Elezioni ad Alcamo. Schieramenti spaccati e cittadini confusi
Il quadro politico alcamese, che viene fuori da questa tornata amministrativa, è di grande confusione, soprattutto per l’elettore.
Da una parte c’è un centrodestra che si presenta spaccato, la scelta di Fratelli d’Italia di gettare prima nel guado l’ex candidato sindaco Leonardo Salato e poi addirittura di scegliere di andare per la propria strada, senza compattare lo schieramento di centrodestra, è un rischio che corre il candidato sindaco Alessandro Fundarò. Da una parte il coraggio, dall’altra parte la paura di non arrivare nemmeno alla soglia di sbarramento e quindi di bruciarsi politicamente.

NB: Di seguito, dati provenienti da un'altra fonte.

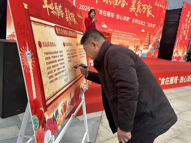为了让市民吃得放心,买得安心,此次活动筹备阶段便坚守“源头管控、从严筛选”原则,组建专项工作组对所有入场企业开展全方位资质核查,逐一核验营业执照、食品经营许可证、供货商资质等关键材料,筑牢安全防线;启动仪式现场,餐饮企业代表集体签订《放心消费承诺书》,以公开承诺的方式压实企业主体责任,为消费者权益保驾护航;热闹的摊位旁边,雁塔区市场监管局派出食品安全快检车驻守,对参展商户的食材、成品进行随机抽样、即时检测,让消费者看得明白、吃得放心。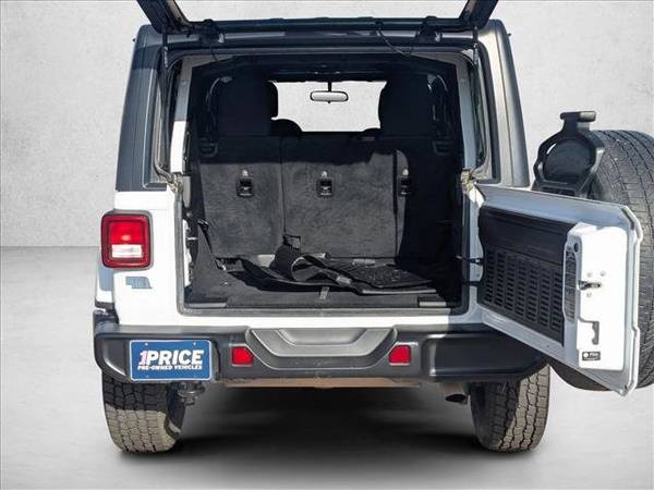 * Transmission: 8-Speed Automatic (850Re) * Black 3-Piece Hard Top * Keyless Start * Convertible Hardtop * 3.45 Rear Axle Ratio * Black; Cloth Low-Back Bucket Seats * Bright White Clearcoat * Front License Plate Bracket * Gvwr: 5;500 Lbs * Tires: 255/70R18 All Season * Wheels: 18" X 7.5" Polished W/Gray Spokes * Engine: 2.0L I4 Dohc Di Turbo W/EssThis vehicle includes a Money-Back Guarantee* and passed our precise inspection process. Best of all the price you see is the price you pay. No haggling. No back and forth. No pressure. And this price is so good it is guaranteed. *Money-Back Guarantee is valid for 5 days or 250 miles, whichever comes first. Subject to certain terms and conditions. See store for details. Some restrictions apply.This 2021 Jeep Wrangler Unlimited Sahara is offered to you for sale by AutoNation CDJR Southwest. This Jeep includes: ENGINE: 2.0L I4 DOHC DI TURBO W/ESS *CREDIT* 4 Cylinder Engine Gasoline Fuel Turbocharged *Note - For third party subscriptions or services, please contact the dealer for more information.* The Jeep Wrangler is the benchmark all other SUVs strive to meet. With exceptional power, towing and handling, this SUV can handle anything thrown at it. This 4WD-equipped vehicle handles any condition on- or off-road with the sure footedness of a mountain goat. With unequaled traction and stability, you'll drive with confidence in any weather with this Bright White Clearcoat 2021 4WD Jeep Wrangler Unlimited Sahara. Know exactly what you're getting when you take home this Jeep Wrangler as past service records are included. The interior of this Jeep Wrangler Unlimited Sahara has been through meticulous inspection and could almost pass for a brand new vehicle. This vehicle's exterior has been babied. The paint is in excellent condition with nearly zero flaws or signs of age.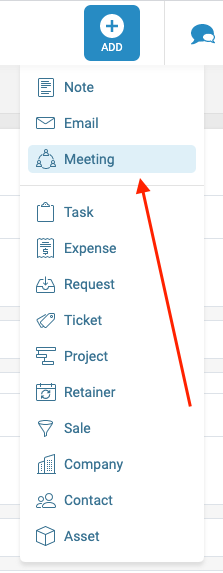 Click +Add button and choose Meeting.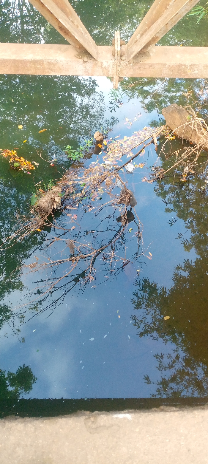 A murky pond is filled with debris, including a fallen tree branch, leaves, and other organic matter. The water reflects the surrounding trees and sky, creating a distorted and somewhat surreal image. A concrete structure frames the top and bottom of the scene, adding a stark contrast to the natural elements.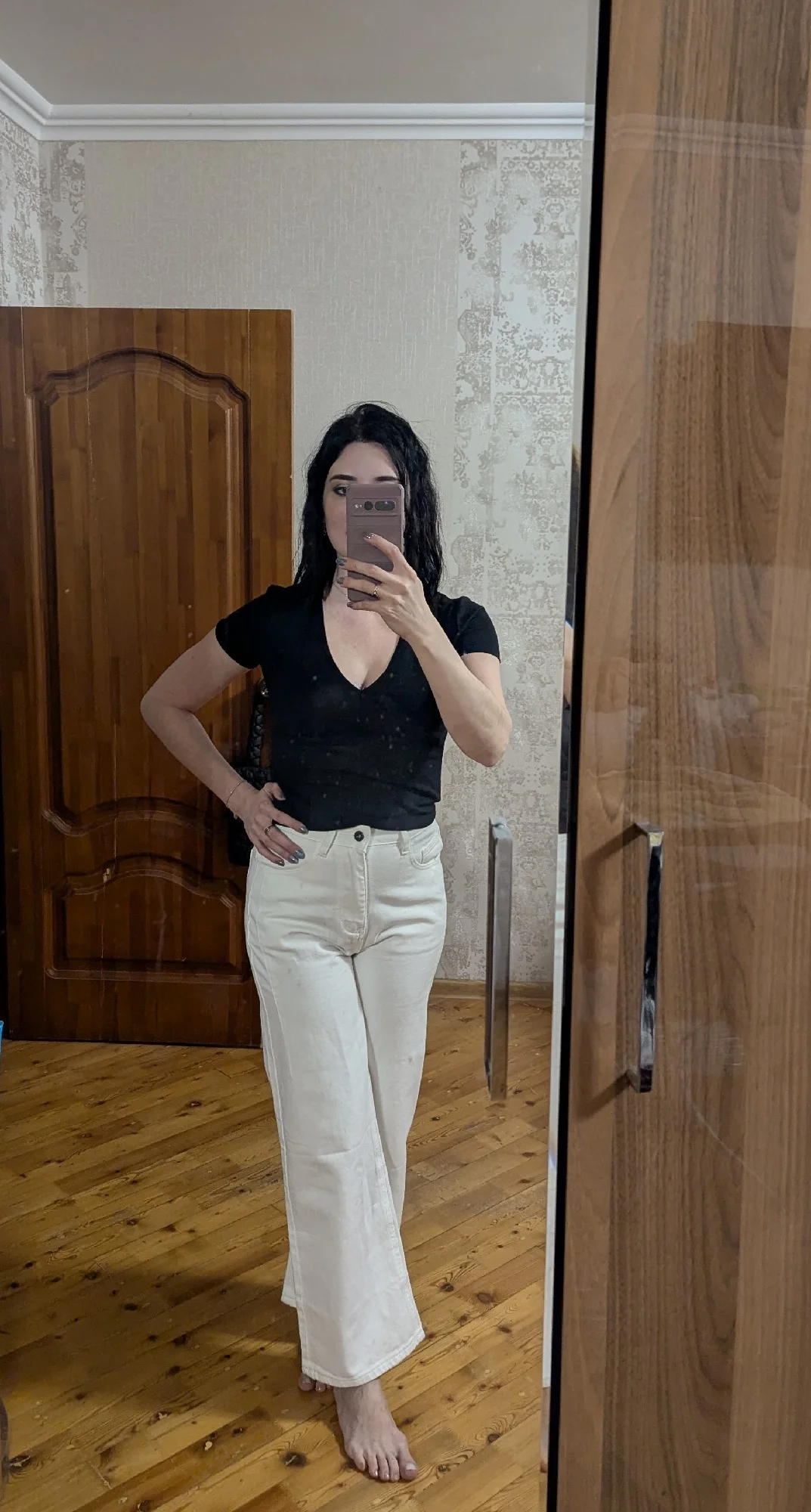 Хорошие джинсы,цвет ожидала молочный,но они прям совсем белые.Мне понравились,на рост 168 длина нормальная,в самый раз.На 99-73-99 М в талии впритык, кто любит посвободнее,лучше следующий размер взять.Но мне нравится,когда джинсы достаточно плотные и не висят по фигуре.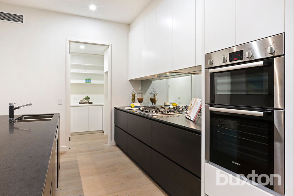 Starring the latest slimline stone benchtops for the sophisticated Bosch kitchen and streamlined frameless-screened bathrooms including two luxe dual-vanity ensuites, the home is a showcase of leading-edge interior design with chalky Oak floors, vast full-height walls of glass, 3m ceilings and perfect practicalities including butler's pantry, climate control, custom cabinetry and a double garage with storage and workspace.

Una scelta in perfetta controtendenza l’ha fatta il sindaco uscente, Domenico Surdi, che è sceso in campo, sempre da pentastellato, ma che ha abbandonato quella veste di “purezza” a cui i Cinque Stelle hanno sempre ambito, buttandola in faccia ad ogni occasione. Surdi va a braccetto prima con ABC, movimento che ha fatto una dura opposizione all’amministrazione uscente e poi con i socialisti. Il “Mai con la casta” è finito da un pezzo, ogni granello politico serve per poter arrivare alla agognata vittoria.
Non ne ha fatto mistero il vice segretario nazionale del PSI, Nino Oddo: “Ad Alcamo per settimane abbiamo lavorato ad una lista insieme con il PD all' interno di una coalizione organica di centrosinistra. Nelle ultime giornate convulse, prima della presentazione delle liste, la situazione politica è improvvisamente mutata. L’UDC dell’ onorevole Turano e il movimento locale guidato da Giacomo Scala ha intessuto una alleanza elettorale col PD. Ho presieduto una riunione con i compagni della sezione di Alcamo, dalla quale è emersa all'unanimità la non condivisione di questa alleanza, che snaturava l’originario progetto politico. Questa analisi peraltro è stata condivisa da tutti i soggetti di centrosinistra, dai Verdi ad Articolo uno. Pertanto, i compagni Beninati e Paglino nelle ultime ore hanno pilotato, informandomi passo dopo passo, un’ alleanza col sindaco uscente Surdi, col quale il PD era disponibile fin dall’inizio ad allearsi ma il matrimonio non si fece per la richiesta di questi di non usare il simbolo. Quindi nella coalizione che ripropone Surdi abbiamo per il consiglio il compagno Salvatore Perricone, che siamo tutti impegnati a sostenere, e in giunta quale assessore designato l’ avvocato Beninati”.
La candidatura della Bosco, invece, ricalca un quadro misto. Da una parte c’è l’UDC di Mimmo Turano, che è assessore del governo Musumeci, quasi interamente schierato con Massimo Cassarà, dall’altra parte il PD che al governo regionale veste il ruolo di opposizione anche a Turano. Un ibridismo che l’elettore forse non capirà, così come è di difficile interpretazione la mossa che prima ha visto il posizionamento di Salato come candidato sindaco, con uno schieramento ampio da Scala a Fratelli d’Italia, per poi finire, Scala, a braccetto con il PD e con questi farci una alleanza.
La volatilità potrebbe non sempre essere un pregio.